• _DESCRIPTION OF THE TASK_: Check the records below line by line. Give the count of lines with "laser", and nothing else.

[Dataset records]
======

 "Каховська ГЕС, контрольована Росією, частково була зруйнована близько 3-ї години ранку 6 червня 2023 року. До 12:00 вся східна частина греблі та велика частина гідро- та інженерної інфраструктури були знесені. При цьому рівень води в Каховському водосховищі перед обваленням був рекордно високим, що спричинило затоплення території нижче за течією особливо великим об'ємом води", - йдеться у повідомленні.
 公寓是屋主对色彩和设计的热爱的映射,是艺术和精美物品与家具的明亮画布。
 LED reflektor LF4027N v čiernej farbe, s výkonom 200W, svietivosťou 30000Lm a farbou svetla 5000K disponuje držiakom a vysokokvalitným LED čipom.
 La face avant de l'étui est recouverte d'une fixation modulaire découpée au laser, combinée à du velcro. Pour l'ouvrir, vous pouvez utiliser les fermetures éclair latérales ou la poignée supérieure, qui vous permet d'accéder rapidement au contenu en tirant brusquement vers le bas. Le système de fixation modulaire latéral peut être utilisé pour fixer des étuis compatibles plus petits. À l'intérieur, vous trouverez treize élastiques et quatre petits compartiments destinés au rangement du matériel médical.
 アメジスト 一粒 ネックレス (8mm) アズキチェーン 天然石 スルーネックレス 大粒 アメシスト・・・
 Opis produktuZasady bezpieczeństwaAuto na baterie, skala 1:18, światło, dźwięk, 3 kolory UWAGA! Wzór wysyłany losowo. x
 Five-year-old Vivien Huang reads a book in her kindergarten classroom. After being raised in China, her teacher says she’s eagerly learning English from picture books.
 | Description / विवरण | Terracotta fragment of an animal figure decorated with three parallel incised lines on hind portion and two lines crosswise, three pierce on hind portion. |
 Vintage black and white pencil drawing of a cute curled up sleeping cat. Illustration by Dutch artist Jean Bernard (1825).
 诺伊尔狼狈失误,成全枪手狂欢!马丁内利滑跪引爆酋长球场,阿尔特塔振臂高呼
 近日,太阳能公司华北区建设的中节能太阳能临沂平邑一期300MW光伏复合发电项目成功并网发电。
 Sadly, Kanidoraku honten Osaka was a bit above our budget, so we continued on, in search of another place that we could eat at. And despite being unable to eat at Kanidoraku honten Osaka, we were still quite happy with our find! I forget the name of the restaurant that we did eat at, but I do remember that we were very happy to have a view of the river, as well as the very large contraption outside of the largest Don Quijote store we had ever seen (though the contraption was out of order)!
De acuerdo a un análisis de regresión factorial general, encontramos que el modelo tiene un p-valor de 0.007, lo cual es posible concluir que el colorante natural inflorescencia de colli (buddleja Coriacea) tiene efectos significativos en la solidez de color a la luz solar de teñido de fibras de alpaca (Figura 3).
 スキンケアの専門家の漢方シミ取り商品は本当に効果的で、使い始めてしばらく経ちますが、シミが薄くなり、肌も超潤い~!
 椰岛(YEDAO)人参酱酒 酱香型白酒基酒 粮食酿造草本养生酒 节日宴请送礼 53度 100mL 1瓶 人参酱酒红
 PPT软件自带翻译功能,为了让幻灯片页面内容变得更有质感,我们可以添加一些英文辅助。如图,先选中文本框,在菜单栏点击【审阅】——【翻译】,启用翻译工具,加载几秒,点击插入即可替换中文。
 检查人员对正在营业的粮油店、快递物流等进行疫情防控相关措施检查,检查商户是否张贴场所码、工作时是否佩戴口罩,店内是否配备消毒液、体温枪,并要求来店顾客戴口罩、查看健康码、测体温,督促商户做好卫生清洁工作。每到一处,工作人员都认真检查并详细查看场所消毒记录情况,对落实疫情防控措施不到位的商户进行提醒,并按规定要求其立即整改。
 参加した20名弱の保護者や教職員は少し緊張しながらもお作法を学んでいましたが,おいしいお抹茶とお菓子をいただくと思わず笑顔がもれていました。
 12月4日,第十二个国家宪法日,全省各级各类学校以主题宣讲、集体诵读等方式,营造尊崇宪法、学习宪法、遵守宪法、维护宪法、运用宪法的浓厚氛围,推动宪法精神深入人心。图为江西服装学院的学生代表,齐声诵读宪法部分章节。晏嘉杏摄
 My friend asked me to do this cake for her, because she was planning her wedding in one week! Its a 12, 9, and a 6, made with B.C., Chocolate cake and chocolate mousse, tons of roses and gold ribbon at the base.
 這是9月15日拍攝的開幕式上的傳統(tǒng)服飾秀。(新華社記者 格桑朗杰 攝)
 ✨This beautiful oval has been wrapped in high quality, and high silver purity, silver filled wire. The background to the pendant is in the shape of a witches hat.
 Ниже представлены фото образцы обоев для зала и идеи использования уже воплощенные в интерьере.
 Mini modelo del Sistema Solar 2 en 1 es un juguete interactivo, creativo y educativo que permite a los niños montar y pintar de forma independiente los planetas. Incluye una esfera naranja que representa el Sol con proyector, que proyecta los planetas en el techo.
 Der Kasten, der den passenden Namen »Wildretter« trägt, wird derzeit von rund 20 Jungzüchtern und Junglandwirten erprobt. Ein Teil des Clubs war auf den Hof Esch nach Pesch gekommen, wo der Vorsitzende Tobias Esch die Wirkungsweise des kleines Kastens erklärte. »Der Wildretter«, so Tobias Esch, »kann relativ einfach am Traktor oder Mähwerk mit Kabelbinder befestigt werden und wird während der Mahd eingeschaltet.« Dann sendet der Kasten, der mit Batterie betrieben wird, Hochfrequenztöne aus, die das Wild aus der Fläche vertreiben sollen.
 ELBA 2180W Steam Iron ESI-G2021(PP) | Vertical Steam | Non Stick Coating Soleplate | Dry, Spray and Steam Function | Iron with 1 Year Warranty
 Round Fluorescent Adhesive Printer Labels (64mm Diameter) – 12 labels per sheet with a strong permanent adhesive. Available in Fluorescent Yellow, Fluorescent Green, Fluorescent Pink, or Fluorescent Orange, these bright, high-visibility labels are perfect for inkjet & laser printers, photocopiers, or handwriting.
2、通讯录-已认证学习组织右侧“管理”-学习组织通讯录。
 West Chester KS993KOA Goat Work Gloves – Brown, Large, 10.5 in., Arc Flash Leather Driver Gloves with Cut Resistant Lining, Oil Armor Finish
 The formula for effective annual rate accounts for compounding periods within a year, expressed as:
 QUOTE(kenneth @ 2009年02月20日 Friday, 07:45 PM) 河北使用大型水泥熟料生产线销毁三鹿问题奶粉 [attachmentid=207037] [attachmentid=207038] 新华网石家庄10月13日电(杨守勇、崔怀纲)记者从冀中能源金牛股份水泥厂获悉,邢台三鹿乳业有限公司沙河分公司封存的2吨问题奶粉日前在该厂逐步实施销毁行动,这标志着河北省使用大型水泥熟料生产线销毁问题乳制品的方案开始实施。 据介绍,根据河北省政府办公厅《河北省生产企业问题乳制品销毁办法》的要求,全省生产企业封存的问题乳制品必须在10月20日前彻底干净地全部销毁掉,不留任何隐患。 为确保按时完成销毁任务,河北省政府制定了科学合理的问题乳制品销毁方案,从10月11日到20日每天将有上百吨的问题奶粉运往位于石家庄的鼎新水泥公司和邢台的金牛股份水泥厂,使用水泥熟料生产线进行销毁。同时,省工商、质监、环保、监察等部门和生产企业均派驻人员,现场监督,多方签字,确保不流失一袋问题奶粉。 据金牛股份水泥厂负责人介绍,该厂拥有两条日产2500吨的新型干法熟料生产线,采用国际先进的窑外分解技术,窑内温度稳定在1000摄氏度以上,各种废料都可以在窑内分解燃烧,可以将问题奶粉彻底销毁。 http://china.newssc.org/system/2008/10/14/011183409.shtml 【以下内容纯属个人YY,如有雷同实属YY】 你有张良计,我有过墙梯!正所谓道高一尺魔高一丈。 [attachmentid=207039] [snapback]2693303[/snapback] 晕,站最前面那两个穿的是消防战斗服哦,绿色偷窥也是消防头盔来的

======

• _RESULT BELOW_: 2